When Vinberg injured herself badly in March, she called the director crying when her mom didn’t answer. Lately, the girls have been learning how to stencil t-shirts with their crew’s logo, and have been doing it all out of Moselle’s apartment (“It’s all over her house”). During the interview, Lovelace points to a spot of yellow paint in Vinberg’s hair (“I showered, what the fuck?”).

Even Moselle’s nails are painted bright red, with bananas stenciled on top. Throughout the interview, the girls joke and laugh, sometimes quietly speaking amongst themselves and scrolling through Instagram. Kabrina Adams, who plays Ruby, is exactly the shy but fashion-forward character in the film. Ajani Russell, who plays Indigo, recently bleached her eyebrows again, just as she appears throughout the film. Identical twins Brenn and Jules Lorenzo are as sweet, Moran as funny, and Lovelace as effortlessly cool. There is no difference between on and off screen; this is who they are.

And if you ask Moselle and the cast, even the way they met was effortless; it was meant to be. One day the director was sitting on the G train when she noticed Moran and Vinberg. “I was listening to them talking and [Nina] was telling some funny story,” says Moselle. “And then, I saw they had skateboards.” So, she approached them, and when the girls got off, she followed them to their next train. “You have the video of it,” says Vinberg.

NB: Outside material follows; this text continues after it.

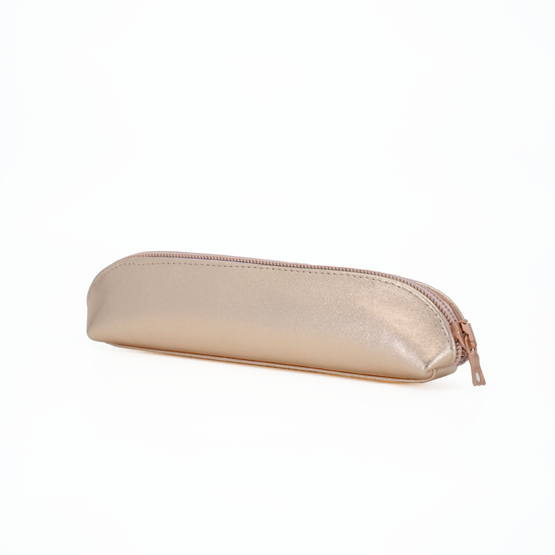 Edles Stifteetui aus hochwertigem metallic Leder, einem Reissverschluss und beschichteter Baumwolle als Futter.

Moselle takes out her cell phone and scrolls through her camera roll until she reaches the video. It’s only a few seconds long; Vinberg and Moran are on screen, skateboards in hand. “Hopefully we’ll see you soon,” says a younger-looking Moran. “It was nice to meet you, girls,” replies Moselle. And that’s it; history in the making. Because of this chance encounter, Moselle was able to make “the film she always wanted to see.”

When I ask what would have happened if they decided not to take the train that day, Moselle believes that fate would have eventually intervened: “We would have met,” she says. And we’re thankful they did because somebody has to tackle this boy's club. And the Skate Kitchen crew is more than up for the challenge.